In 1952 Harriet, still raising her daughters on the Mercer Island estate, entered the University of Washington to study Psychology with the goal of earning a PhD. While at the UW, she met William Sumerwell, a biochemist who was researching bound ascorbic acid and later amalyse. They married, and Bill moved into the Starr home with his daughter. In 1956 they added a Master Bedroom with a fireplace for themselves, and a bedroom between the detached garage and the east end of the house for one of the daughters. In 1960 the Sumerwells moved to Washington DC, in part from Bill’s disillusionment with his research, which he believed had been attributed to others at UW, who later received a Nobel Prize in Physiology based in part upon Sumerwell’s contributions. Harriet, feeling a strong attachment to the Mercer Island home, retained ownership and instead rented it to a group of pilots, who in the 1970’s found the secluded estate perfect for hosting wild parties around the outdoor pool.

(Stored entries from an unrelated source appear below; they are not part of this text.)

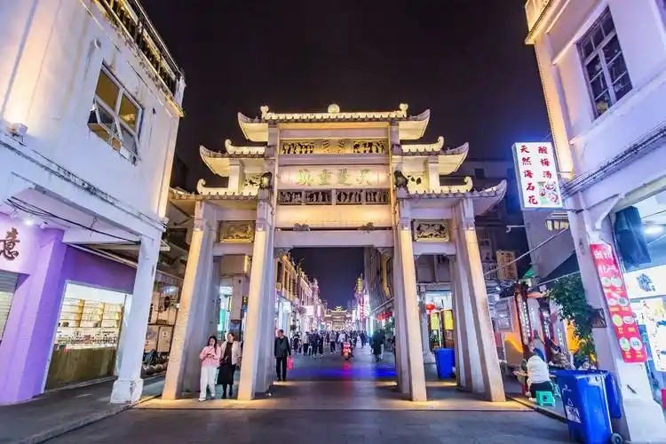 3、牌坊街。看骑楼建筑,品特色美食。位于潮州市湘桥区太平路。潮州牌坊街位于古城中心,是集非物质文化遗产、传统工艺、特色小吃为一体的文化古街,共有20多座中西合璧的骑楼。这里重重叠叠排列着23座石排房,每一座承载着潮州崇文重教的传统,如状元、四进士坊,皇命三赐等牌坊。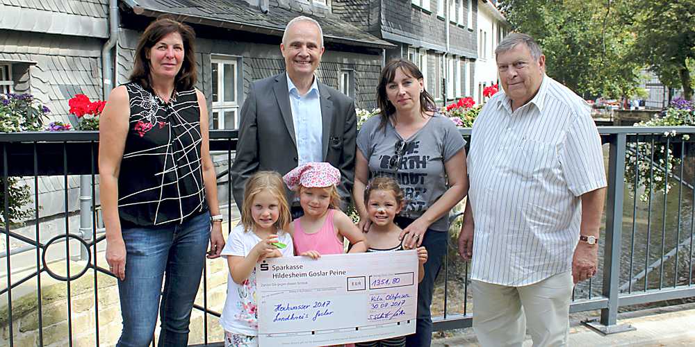 Im passenden Rahmen übergab Sabine Schlüter, Leiterin der Kindertagesstätte Regenbogen aus Othfresen, einen Scheck für die gemeinsame Spendenaktion des Landkreises Goslar, der Goslarschen Zeitung und der kreisangehörigen Kommunen zugunsten der Geschädigten des Jahrhunderthochwassers an Landrat Thomas Brych. Anwesend waren außerdem der Ortbürgermeister aus Othfresen, Bernd Möller, sowie Birgit Schlüter, eine Erzieherin der KiTa St. Georg in Goslar.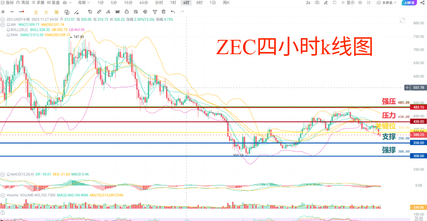 ZEC has broken through the important level of 390 on the four-hour chart! The price is now hovering around 380, and if it doesn't bounce back above 390 before the close, it is likely to drop all the way to the strong support level of 350. The current market clearly shows that bears are in control; every time there is a slight rebound, it's a good opportunity to get out quickly, but don't rush into buying the dip without thinking!

In Washington, DC, Harriet pursued the completion of her Masters degree, which she obtained from American University in 1977. She worked as a Mental Health Counselor, and later became certified as a gemologist, operating her jewelry business ”Jacaranda” from her home. Her marriage to Bill Sumerwell thrived for forty years, giving them four more children in addition to the three they shared from their prior marriages. Like Merritt Starr, Bill Sumerwell loved music, the clarinet being his chosen instrument. Also like Merritt, Bill suffered from Rheumatic fever contracted as a child, and died from a sudden heart attack in 1992. Both Bill and Harriet, she passed away in 2011, gave generously to the Arts and Music in Washington DC, as well as organizations promoting mental health and civil rights.

In 1978 Harriet finally gave up the home on Mercer Island, but never stopped cherishing it and the fond memories it provided. The buyer, William F. Wuerch, planned to immediately sub-divide and develop the property. At that moment, it appeared that the dreams, nurturance and hard work provided by both the Starrs and the Alexanders were all about to come to a tragic end, an ending that would have been deeply painful for Harriet.